Cobia on the MASS!!!!

Time to climb the tower?


----------



## Skippy (Sep 18, 2008)

Not the "Mass" if he was at 130' down, I would say the "O", just a guess, especially as one of them has 2 pony tanks strapped on.



Darned nice Cobia though, sure would have liked to see that when I was last out there, although, a Cobia that size would normally call for a 2 diver shot, not into deep water wrestling myself.



Skippy


----------



## JoeZ (Sep 30, 2007)

No. It's definitely the Mass. The last storms moved it out a bit. oke


----------



## Clay-Doh (Oct 2, 2007)

Sweet job Teacher!!!!! That there is a beauty!!! Wish I could a been there with ya for kung-fu fightin part 3! 

Ummmm...can you ask Michelle when is dinner? :letsdrink

And yes..the Mass has definately changed a bit from the storms!!!


----------



## GrouperNinja (Oct 30, 2007)

Great Cob Dalton! Yeah that last strom has scattered the " MASS " all over the gulfcoastoke

My scales are drying out!:reallycrying cant wait to get back down.


----------



## need2fish (Oct 2, 2007)

Wow - great report and pics.Wrestling that cobiamust've been something to see.


----------



## FishinFL (Sep 30, 2007)

Very nice fish Dalton!!!

The Oriskany sure has yielded lots of fine fish!!!!

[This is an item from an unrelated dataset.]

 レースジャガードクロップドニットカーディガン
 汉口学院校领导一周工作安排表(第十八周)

Did you make any other dives?

Thanks, Reese


----------



## FelixH (Sep 28, 2007)

Great Cobe Dalton!!!!!!


----------



## Murphy's Law (Sep 27, 2007)

Good job on the kill :clap


----------



## dkdiver (Oct 15, 2007)

> *GrouperNinja (11/16/2008)*Great Cob Dalton! Yeah that last strom has scattered the " MASS " all over the gulfcoastoke
> 
> 
> 
> My scales are drying out!:reallycrying cant wait to get back down.

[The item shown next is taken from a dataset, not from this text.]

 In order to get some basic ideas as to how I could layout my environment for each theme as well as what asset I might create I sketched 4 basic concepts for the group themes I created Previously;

Ninja, I have to confess, it was your gun. :bowdown:moon I couldn't find my detachable head so I grabbed yours out of the back bedroom. I will save some for you.



Reese, that was the only dive I made. I came up after I had the fish under control and was sure the tech diver was fine. I had three logs circling me and no equalizer so discretion was the better part of valor. There is a school of small Mingos building back in so I would expect to begin seeing some more jacks.

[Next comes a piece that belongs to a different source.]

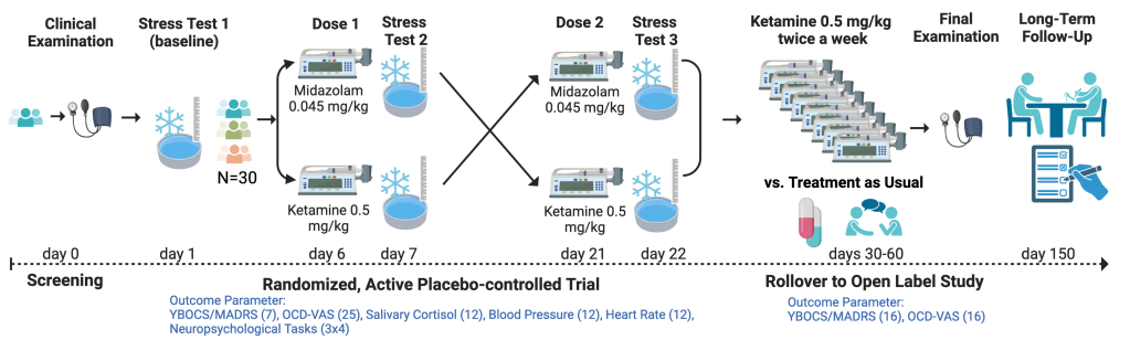 Half of patients suffering from OCD do not have sufficient alleviation through first line treatments such as psychotherapy or selective serotonin reuptake inhibitors. Furthermore, current treatment options often take weeks or months to work, leaving many patients struggling. This study investigates the therapeutic potential of ketamine, a rapidly acting medication, to alleviate OCD and stress symptoms.

Thanks for compliments guys. It has been a while since tagged a fish that size (been too busy driving) and it was a pretty interesting ride at that depth.


----------



## Telum Pisces (Sep 27, 2007)

Great job Dalton. My little cobia that I tagged over the summer gave me a fit. I can only imagine what that rodeo ride felt like. They are such lathargic fish till you stick some steel in them.:letsdrink

What size gun did you take him with? I ask because that's about the size of the cobia that I lostbecause my shaft didn't get through his thick head.:banghead 

Enjoy them cobia steaks.


----------



## jlbdvm (Nov 12, 2007)

good job, Dalton!

Hey when any of ya'll need diver from defuniak, let me know!!

JAY


----------



## dkdiver (Oct 15, 2007)

> *Telum Piscis (11/16/2008)*Great job Dalton. My little cobia that I tagged over the summer gave me a fit. I can only imagine what that rodeo ride felt like. They are such lathargic fish till you stick some steel in them.:letsdrink
> 
> 
> 
> ...




That would have been GrouperNinja's old, full of water, aluminum JBL Competition Magnum with a JBL detachable tip. 2 5/8" bands from MBT. You are not kidding about lethargic until the shot, but that goes back into tomorrow's lessons learned. It was a near thing for a moment there.



Thanks DR. Jay, haven't seen much of you since H2Arman went south. I still think she is teaching him how to spearfish :looser


----------



## chuck86 (Nov 17, 2008)

Great job Dalton. Someday when Kevin and I are back down there we will have to do some of that. Appears to be a lot of fun but could be pretty dangerous too.

I Like It


----------



## Telum Pisces (Sep 27, 2007)

> *jlbdvm (11/16/2008)*good job, Dalton!
> 
> Hey when any of ya'll need diver from defuniak, let me know!!
> 
> JAY


Dr. Jay,

I think I lost your number or didn't have it to begin with. Shoot me your number to add to the folks to call. I tried to get out last Sunday, but couldn't find a diver within a 100 mile radius of Pensacola that could get out with me.


----------



## BlueWater2 (Sep 27, 2007)

Sounds deep to be at the Mass ????


----------



## GMan (Oct 17, 2007)

Great job DK! That was a huge cob even in the cooler it was massive. Cant wait till this weather clears up...


----------



## KeyLargoKip (Nov 17, 2008)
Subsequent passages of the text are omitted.